To meet the plasma resistance requirements, the YOF coating must also exhibit appropriate mechanical and electrical properties. The properties of YOF and YF₃ are compared in

Table 3. Mechanical and electrical properties of YOF and YF₃.

Mechanical Properties	YOF	YF3
Vickers hardness (HV)	290 ± 30	260 ± 25
Adhesion strength (MPa)	7.35	8.56
Dielectric strength (kV/mm)	24.67	22.65
Breakdown voltage (kV)	5.57	4.87
Volume resistivity (Ω⋅cm)	1016	1014

. The Vickers’ hardness values of the YOF and YF₃ coatings were estimated as 260–320 and 235–285 HV, respectively.
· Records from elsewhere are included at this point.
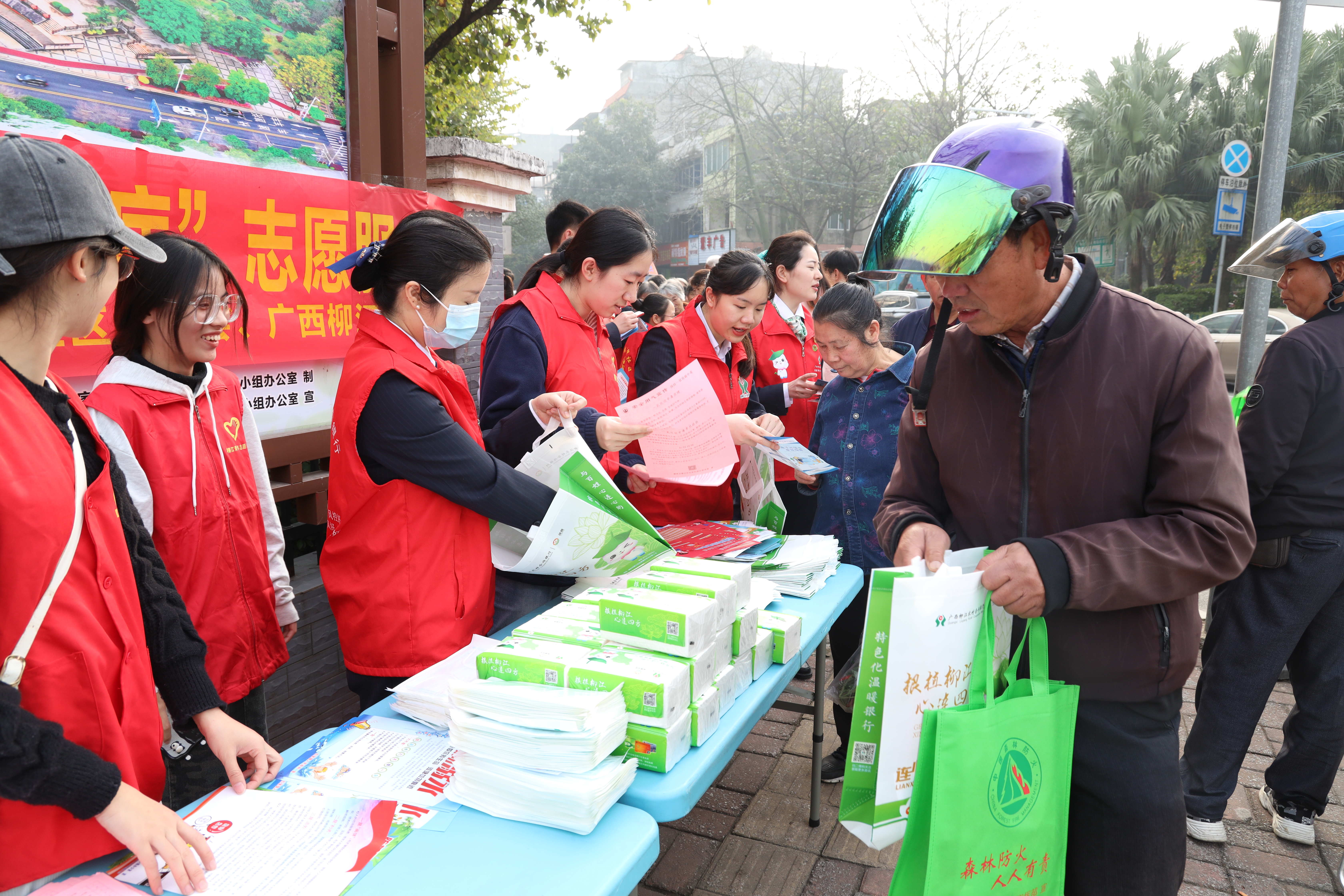 “勤俭节约不浪费,文明过年好处多......”活动中,柳江区青年志愿者在柳江区文化宫广场通过发放宣传册的方式向居民群众宣传“文明暖心,破陈规树新风”相关知识,用通俗易懂的语言向辖区居民讲解文明过节的意义,并一一列举厚葬薄养、低俗婚闹等不文明行为带来的坏处,引导居民文明过节、禁燃烟花爆竹、禁烧杂草垃圾等,过文明生态春节,争做保卫蓝天的践行者,同时提倡“光盘行动”,抵制餐饮浪费。
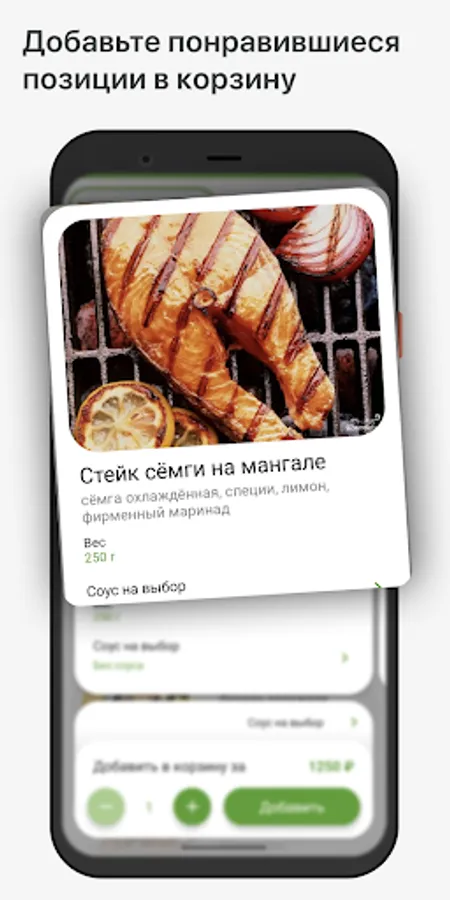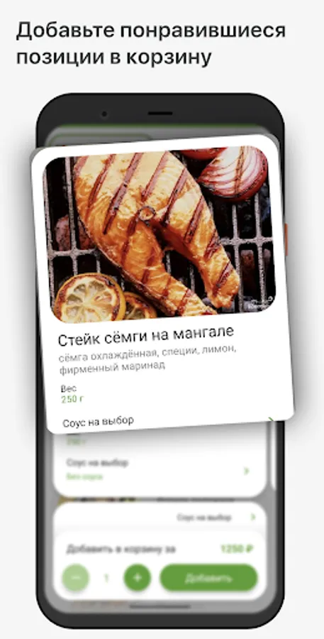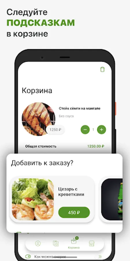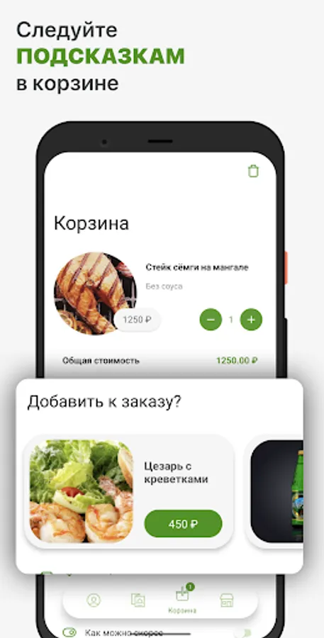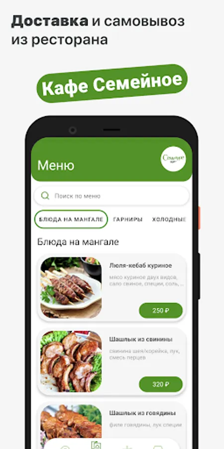 How to place an order in the “Family Cafe” application: select the items you like from the menu, add them to the basket and go to the checkout screen (by clicking on the basket icon).
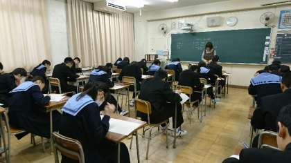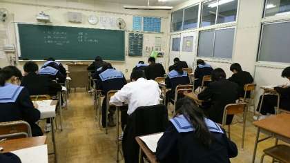 本日から3年生は、学年末テストです。今日は社会、数学、保健体育のテストを実施します。これが中学校で受ける最後のテストです。私立高校の受験を控え、みんな真剣に受けています。

The YOF coating is harder than other yttrium-based plasma-resistant materials (YF₃ and Y₂O₃) [17]. The microstructure, residual stress, grain size and crystal phase configuration significantly affects the hardness of oxide ceramics [27]. The higher hardness in the YOF coating might be attributed to the larger number of Y–O bonds and higher bond strength in YOF than in YF₃. Meanwhile, YOF with its high concentration of oxygen vacancies can maintain its hardness under operation at high ambient temperatures. The dense microstructure of YOF also contributes to its hardness value.
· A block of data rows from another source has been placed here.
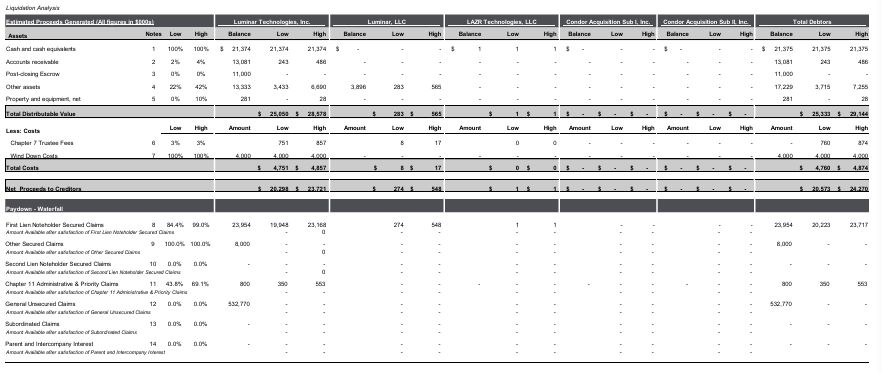 LUMINAR TECHNOLOGIES, INC. AND ITS AFFILIATED DEBTORS
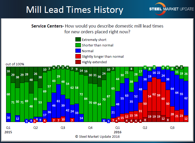The improvement of delivery performance is related to lead times and as lead times shrink the ability to negotiate spot pricing improves. Our Premium level members have access to our Power Point slides as soon as our analysis has been completed at the end of each survey period. We conduct our surveys at the beginning of every month and then again on the 15th of the month. As you can see by the graphic provided below we try to provide details about the market in a historical context so our Premium level members can make the best decisions possible for their company. Lead times are now running at “normal” to “shorter than normal” according to the service centers who participated in last week’s questionnaire.
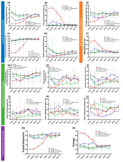 Fig. 6 Figure 6. Comparison of grouped zebrafish behaviors in 3D locomotion test between caudal-fin-amputated group (red), caudal-fin-amputated + 5 ppm lidocaine group (blue), 5 ppm lidocaine-treated group (green), and untreated (black) group (shoal size = six fishes) over 10 days observation. Twelve endpoints were measured and categorized into three groups. (A) Average speed, (B) freezing time movement ratio, (C) swimming time movement ratio, and (D) rapid movement time ratio belong to the locomotor activity endpoints group, while the movement orientation endpoints group consists of (E) average angular velocity and (F) meandering. Finally, the exploratory behavior endpoints group is composed of (G) average distance to the center of the tank, (H) total distance traveled in the top, (I) number of entries to the top, (J) time in top duration, (K) time in middle duration, and (L) time in bottom duration. In addition, (M) fractal dimension and (N) entropy analyses between groups are also added. Data from Figure 6A–L are expressed in the median with 95% CI, while Figure 6M,N are expressed in the mean with SEM. All data were analyzed by mixed models two-way ANOVA continued with Sidak’s multiple comparisons test (n = 18, except for the caudal-fin-amputated + lidocaine group on day 2–3 (n =17) and 5–10 (n = 16) and lidocaine-treated group on day 5 (n =17) and 8–10 (n = 16); ** p < 0.01, *** p < 0.001, **** p < 0.0001).
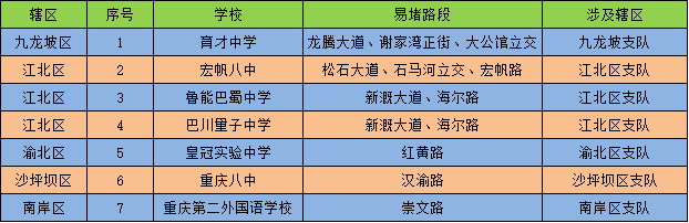 预计节日最后一天(5月3日)我市大量初高中住读生将提前返校,在15时30分开始将迎来学生返校高峰,其中九龙坡区育才中学周边龙腾大道、谢家湾正街、大公馆立交,江北区宏帆八中、鲁能巴蜀中学、巴川量子中学周边松石大道、石马河立交、宏帆路、新溉大道、海尔路,渝北区皇冠实验中学周边红黄路,沙坪坝区重庆八中周边汉渝路,南岸区重庆第二外国语学校周边崇文路将出现时段性拥堵,至18时左右拥堵趋于正常。校园周边易堵路段如下表所示:
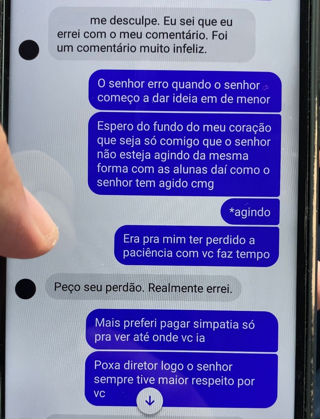 Segundo a mãe, a descoberta das mensagens ocorreu depois que a alertaram sobre a divulgação de prints nas redes sociais. Ela conta que ao ler as mensagens ficou chocada com a situação e resolveu denunciar o diretor.

The adhesion strengths of the YOF and YF₃ coatings were 7.35 and 8.56 MPa, respectively. This result, which is consistent with the XPS results, might reflect the different types of chemical bonds in the YOF and YF₃ coatings. The dielectric strengths of the YOF and YF₃ coatings were 24.67 and 22.65 kV/mm, respectively. However, the dielectric strength rapidly decreases with increasing porosity [28]. Therefore, the higher dielectric strength of the YOF than the YF₃ coating can be explained by the dense crystalline structure and low film porosity of the former, as mentioned in the SEM results. This means that the YOF coating prevents electron conductivity during high-voltage operation. Furthermore, the YOF coating exhibited superior insulating capability, with an electrical resistivity of 1 × 10¹⁶ Ω·cm and a breakdown voltage of 5.57 kV, implying that YOF is an effective material for insulating applications. Moreover, owing to their large electrical resistivity and high corrosion resistance, YOF coatings meet the requirements of ceramic electrostatic chucks [29,30] (Coulomb type: Electrical resistivity > 10¹⁴ Ω·cm, Johnsen–Rahbek type: Electrical resistivity > 10¹⁰ Ω·cm). Overall, the mechanical and thermal properties of YOF coating are higher than those of the YF₃ coating.

4. Conclusions

A dense, low-porosity (0.5%–1.0%) YOF coating was deposited on an Al substrate by the APS method. The mechanical and electrical properties of the YOF coating were excellent, and comparable to those of YF₃. These results demonstrated that YOF is a promising material for the inner walls and electrostatic chucks, and will be expected to prevent the particle contaminations of mass-production semiconductor-plasma processing equipment.